An Altar in the World: Book Review

She signed, “to Karie, with love” on my book that was later splashed by Peach Chardonnay and Deep Creek Lake. The wine and water damage remind me of a much needed vacation and of the holiness found in ordinary objects. I think Barbara Brown Taylor would approve.

The chapters in this book can be read in any order but I have to admit I liked the way she ordered them, it felt like a structured worship service. While reading it I felt grounded in my faith and yet, free from the in the box thinking that a traditional church building typically holds. It’s a beautiful box, and I love it very much, but sometimes spirituality needs to be found outside of the usual sanctuary, especially when I can not be in the building because of the COVID-19 shut downs.

In each chapter I found a spiritual practice I could do no matter my location, although it was especially lovely to practice on vacation, outside of my usual comfort zones and spiritual places and explore the idea that, “The treasure we seek requires no lengthy expedition, no expensive equipment, no superior aptitude or social company. All we lack is the willingness to image that we already have everything we need. The only thing missing is our consent to be where we are.” (introduction xvii) In other words, I do not have to travel to my church building, or purchase an expensive ticket to a spiritual retreat, to commune with the divine. Those things are nice, but the divine is all around us all the time, what is lacking is awareness. “The longer I practice prayer, the more I think it is something that is always happening, like a radio wave that carries music through the air whether I tune in to it or not.” (p. 190)

After reading the second chapter, I practiced reverence by observing a pine tree for a long time. And I wondered why I don’t observe more of the world with reverence and adoration. I hope to make more time for that. It wasn’t until a few days later I remembered that a preaching professor had given similar instructions for our writing journals and a few times asked to observe and not write.
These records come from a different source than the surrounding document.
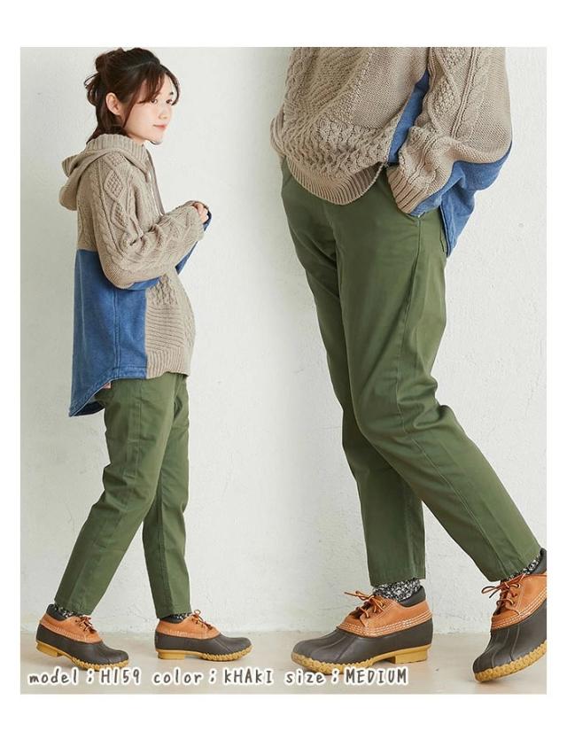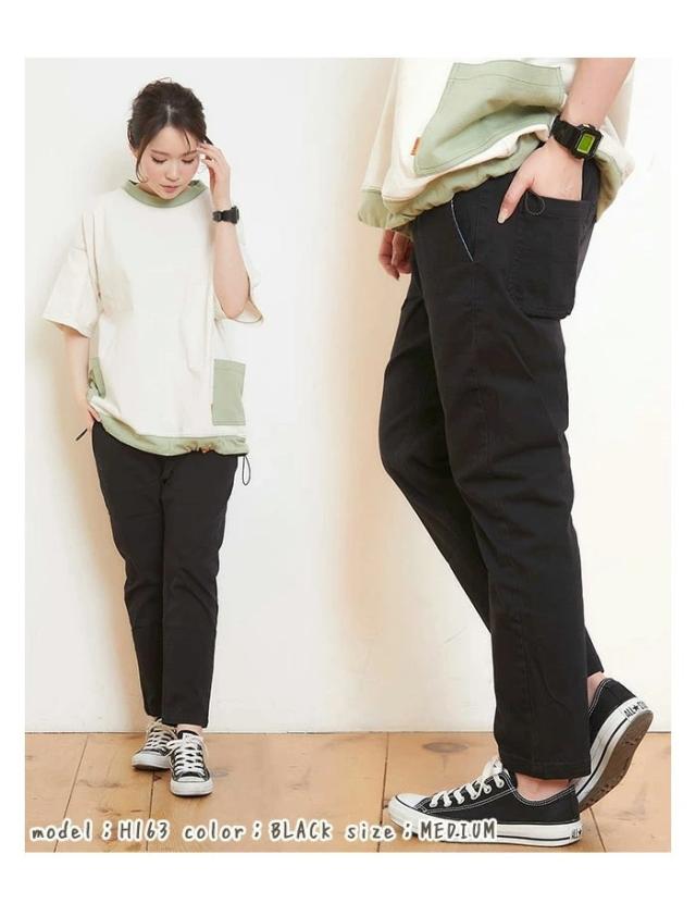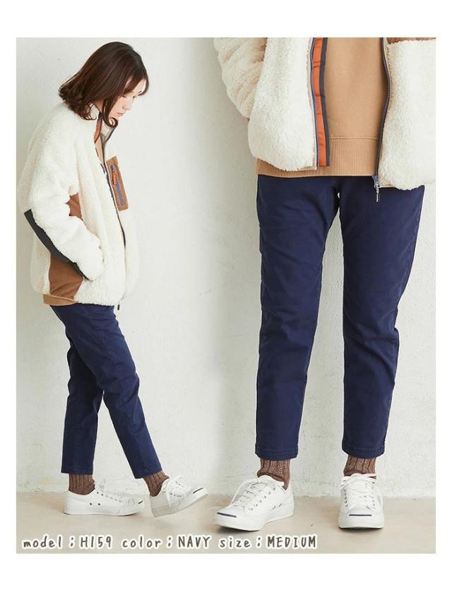 フロントがファスナー付きの前開き仕様へアップデート。もっと楽に着用できるようになりました!お尻周りのパターンを見直し、シルエットが綺麗に見えるように改善しています。丈をくるぶしまでのアンクル丈へアップデート。通年で使いやすくなっています。ストレッチ素材にウエストゴム、180度開脚だって楽々可能なガゼットクロッチで動きやすさ◎腿周りはゆったりと楽チン、裾に向かっては細身にテーパードしているのでスッキリと見えます。
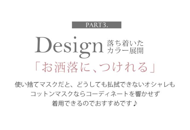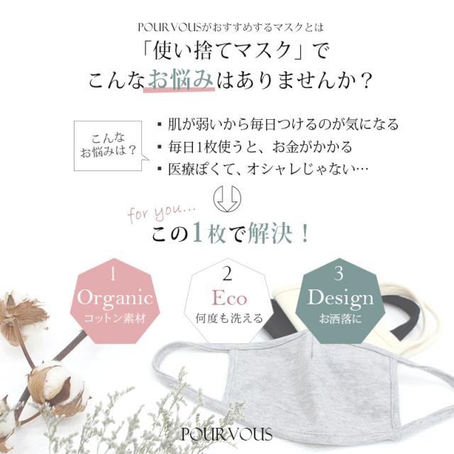 | ★繰り返し洗って使えて経済的! ------------------------------------------------------------ コットン素材を使ったマスクなので、家で洗って繰り返し使える家計にも嬉しいマスクです。 ★オーガニックコットン使用でやさしい肌触り ------------------------------------------------------------ 肌に直接当たる裏地は、オーガーニックコットン100%使用。 布製なので耳も痛くなりにくく、柔らか素材で肌にやさしい作りになっています。 ★服装に合わせて選べるカラー! ------------------------------------------------------------ コーディネートに合わせてマスクのカラーを選んでいただけます。 |
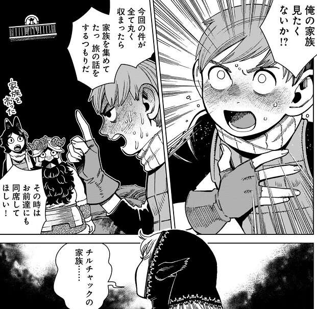 チルチャックは、マルシルに自分の家族に会わせると約束します。チルチャックは、今回の件が収まったら、家族に旅の話をするが、その時にはお前達にも同席してほしい、と恥ずかしがりながらも言います。チルチャックの家族にすごく興味のあるマルシルは、その話に食いつきます。
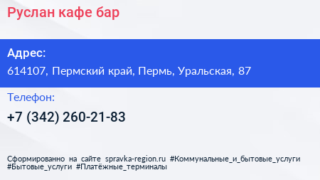 Руслан, кафе-бар по адресу 614107, Пермский край, Пермь, Уральская, 87 в дальнейшем Организация, размещена в следующих категориях:
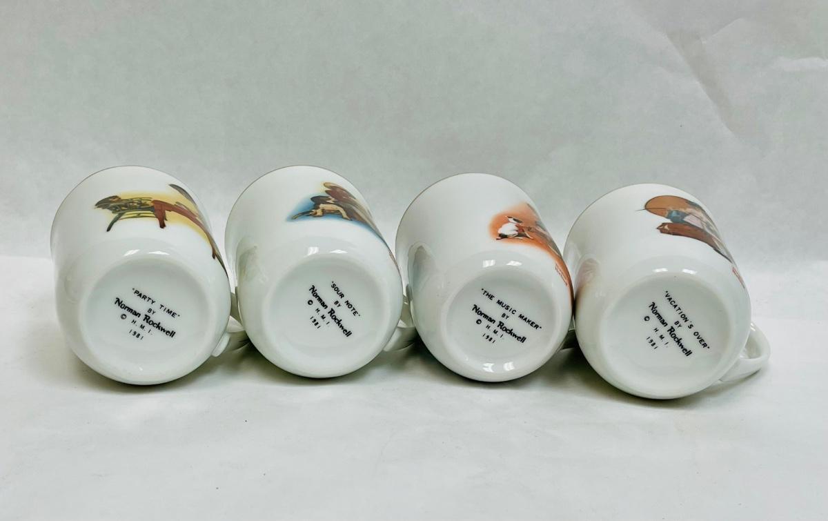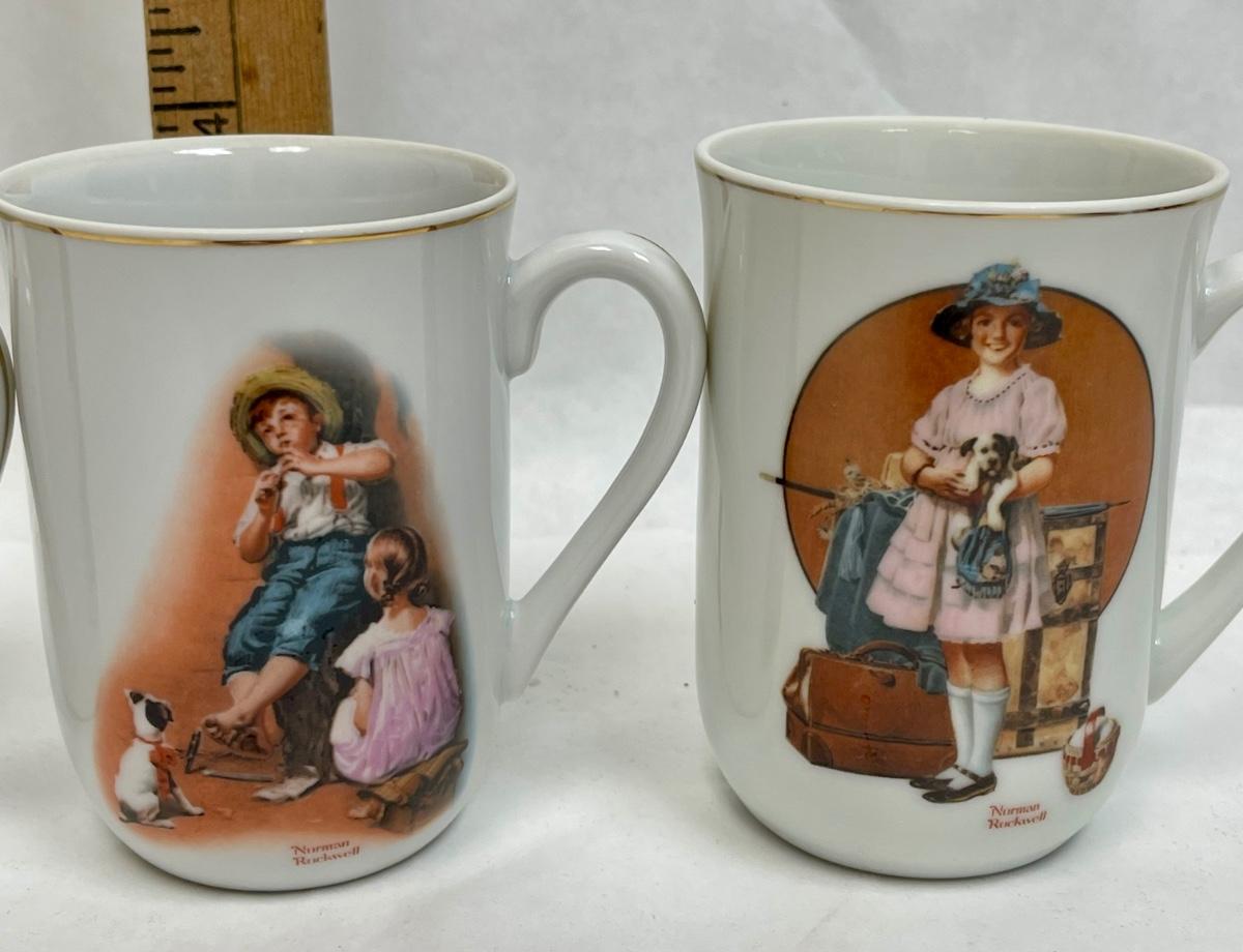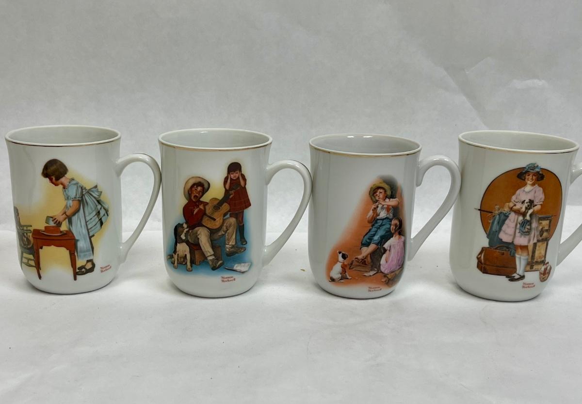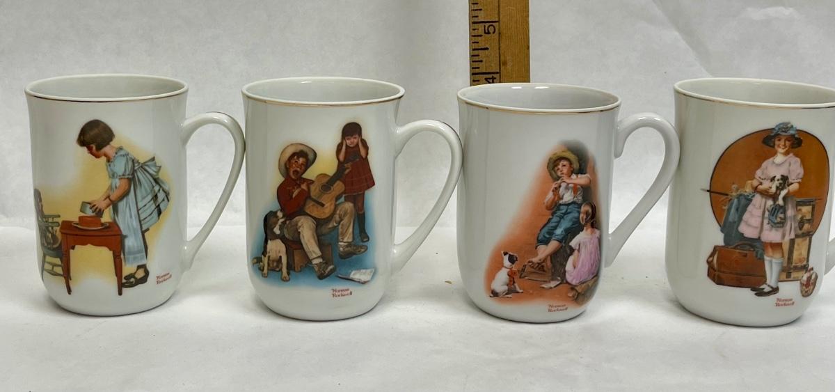 Each cup has a Norman Rockwell illustration in full color. Cups are approx. 4" tall, all are in good condition.
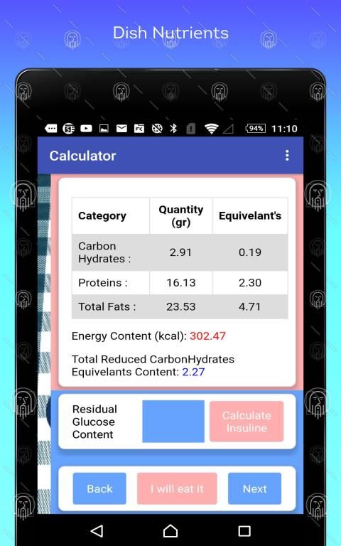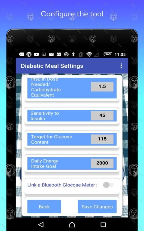 Diabetic Meal App adalah aplikasi untuk perangkat seluler dengan sistem operasi android untuk digunakan terutama dari pasien yang menderita diabetes dan dirawat dengan suntikan insulin.
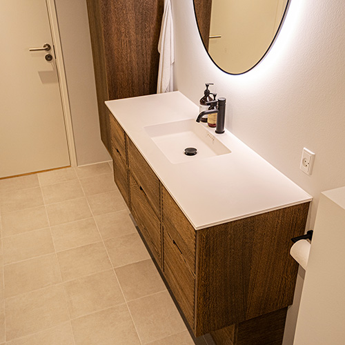 Just Wood Dark geölte Badezimmermöbel sind ein wunderschönes und einzigartiges Produkt, das Ihr Badezimmer mit besonders hochwertigen Materialien zu einem elegantes Hingucker macht.

The practice encouraged more descriptive writing and perhaps the spiritual discipline of reverence.

Her thoughts on encountering the stranger were beautiful as she compared hospitality, or philoxenia (love for stranger) to xenophobia (fear of stranger). I would love to add this chapter to a discussion on immigration and/or racism.

As for vocation, Barbara Brown Taylor says, “Whatever I decided to do for a living, it was not what I did but how I did it that mattered.” (p. 110) Other gems from this chapter include, “Kindness is not a bad religion, no matter what name you use for God.” (p. 115) and a quote from Irenaeus of Lyons “The glory of God is a human being fully alive” (p.118) to explain the dual nature of Christ. She includes this helpful story, “When I ask people to tell me how Jesus could be both fully human and fully divine, they often describe a kind of laminating process, in which his humanity was encased in divine plastic. The last thing to occur to most of us is that to be fully one is to be fully the other” (p. 118).

As if I wasn’t already in love with this book, “I am a failure at prayer” (176) made me feel seen and loved, and not so alone. Traditional teaching about prayer, what to say, and how to hold your hands, never really “worked” for me. I resonated with “Brother David was the first person to tell me that prayer is not the same thing as prayers. …. Prayer, according to Brother David, is waking up to the presence of God no matter where I am or what I am doing. When I am fully alter to whatever or whoever is right in front of me; when I am electrically aware of the tremendous gift of being alive; when I am able to give myself wholly to the moment I am in, then I am in prayer. Prayer is happening, and it is not necessarily something that I am doing. God is happening, and I am lucky enough to know I am in The Midst.” (p. 178) Being aware of God’s presence is so much easier than saying the right words at the right time whatever that means. She talked about waiting, gratitude, and taking in simple pleasures as ways of connecting to God in prayer. And after expanding the boundaries of prayer she affirmed traditional set prayers too, “I stay curious about all of the different ways to pray set prayers, since those particular practices strike me as the stitches that keep the quilt of prayer in place.” (185) I would love to curl up in that quilt and listen for God, wouldn’t you?